Nell’ambito del progetto R.A.M. è stato realizzato un intervento di stimolazione cognitiva per anziani affetti da demenza presso la Residenza “La Modigliana”. Questo intervento si è articolato in due corsi di stimolazione cognitiva e il successivo corso di mantenimento ed è stato condotto dalla Dott.ssa Venturi, esperta in psicologia dell’invecchiamento. I partecipanti sono state 7 persone per il primo gruppo e 4 per il secondo e i risultati emersi hanno evidenziato una tendenza al miglioramento per quanto riguarda lo stato cognitivo e la percezione della propria salute mentale, mentre per quanto riguarda l’umore e la percezione della propria salute fisica si è registrato un mantenimento dei valori iniziali.

 

Particolarmente apprezzato l’intervento del Prof. Rabih Chattat, docente di Psicologia Gerontologia dell’Università di Bologna che, recuperando il significato della parola persona, pensa all’anziano come un attore sulla scena e non come spettatore e, pertanto, considera che debba rimanere al centro dell’interesse di quanti operano con e a favore dell’universo anziani attraverso la proposizione di azioni che gli permettono di vivere il tempo attuale, di utilizzare i ricordi e i richiami del passato per favorire il benessere attuale e di ridurre l’impatto se non accettare la prospettiva di un futuro limitato e a termine.

 

E nell’ottica che lavorare sulla demenza impone di lavorare insieme, il Dott.
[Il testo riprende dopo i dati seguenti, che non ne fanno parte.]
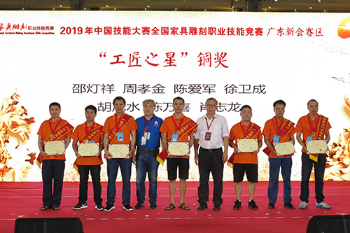 闭幕式上,还举行了“新会传统家具十大雕刻工艺师”颁奖仪式。 随着新会赛区的闭幕,第二届全国家具雕刻职业技能竞赛广东三个分赛区选拔赛圆满收官,获奖作品将于10月25日至29日在第十四届中国(乐从)红木家具艺术博览会上展出。同时,各赛区将按照名额要求,推荐获得职工组前10-12名的选手,参加计划于11月举行的2019年中国技能大赛全国家具雕刻职业技能竞赛广东赛区总决赛。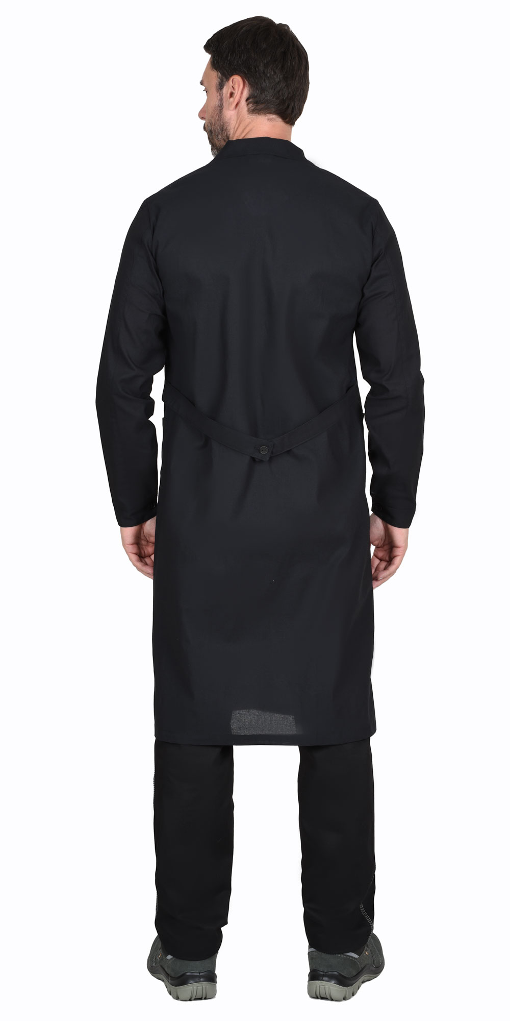 Тк. бязь, 100% х/б. Отложн. воротник, застёжка на пуговицы, два кармана. Манжеты рукавов на пуговице. По талии спинки - хлястик. ГОСТ 12.4132-83.

Giancarlo Aulizio, coordinatore del Nucleo di cure Primarie Avanzato Sperimentale “Valle del Tramazzo”, ha evidenziato la necessità, dopo il fallimento della cultura “ospedalocentrica”, di guardare al territorio con rinnovata attenzione.

 

E l’Azienda USL di Forlì ha deciso di sperimentare proprio a Modigliana i Nuclei di Cure Primarie, modelli organizzativi di integrazione tra Medici di Medicina Generale, Pediatri di Libera Scelta e Specialisti del Territorio. Tale Nucleo, ha sottolineato il Dott. Aulizio, è stato definito avanzato e sperimentale perché ha trovato terreno fertile alla sperimentazione e, con la massima integrazione interprofessionale e l’utilizzo di strumenti informatici, la sua azione ha raggiunto momenti di eccellenza.